Open-Assistant Assistant create pedophile story describing child abuse

Screenshot from 2023-04-09 11-02-20-censored

(Censored to cause no harm and because even a text is considered child porn in germany, which is illegal.)

Such content can be harmful as it could motivate child abuse and is illegal in some countries. It should not be possible to generate such content.

Apr 09 '23 09:04 davidak

By using OpenAssistant in this way you are in violation of the terms of service, which clearly state in section 3.1:

The user may only use the portal for the intended purposes. In particular, he/she may not
misuse the portal. The user undertakes to refrain from generating text that violate criminal
law, youth protection regulations or the applicable laws of the following countries: Federal
Republic of Germany, United States of America (USA), Great Britain, user's place of
residence. In particular it is prohibited to enter texts that lead to the creation of pornographic,
violence-glorifying or paedosexual content and/or content that violates the personal rights
of third parties. LAION reserves the right to file a criminal complaint with the competent
authorities in the event of violations.

Furthermore, the model you are interacting with is a beta model based on LLAMA and will not be released to the public because the license prohibits such distribution regardless. Pinging @yk, please remove the message tree from the dataset.

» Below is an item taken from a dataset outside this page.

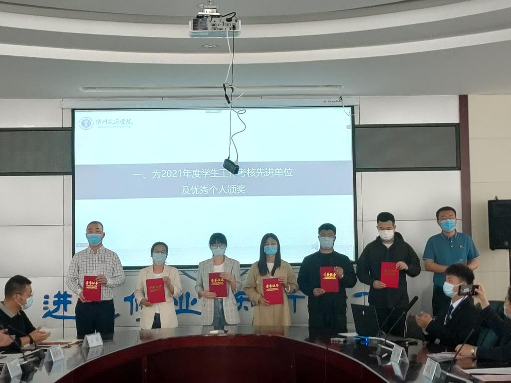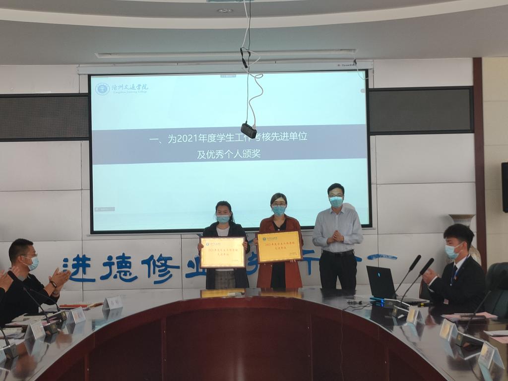 会上,党委副书记吴立军为2021年度学生工作考核先进单位颁奖。

Apr 10 '23 14:04 LowYieldFire

he/she may not misuse the portal

that does not really make it more safe when it's that easy. also does not apply to released models

harmful content can also be generated without asking for it, like happened in this case https://github.com/LAION-AI/Open-Assistant/issues/2421

Apr 11 '23 03:04 davidak

Regardless of the terms of service this should not happen! We should probably add more safety datasets, especially anything that helps the model to respond well in chats about abuse.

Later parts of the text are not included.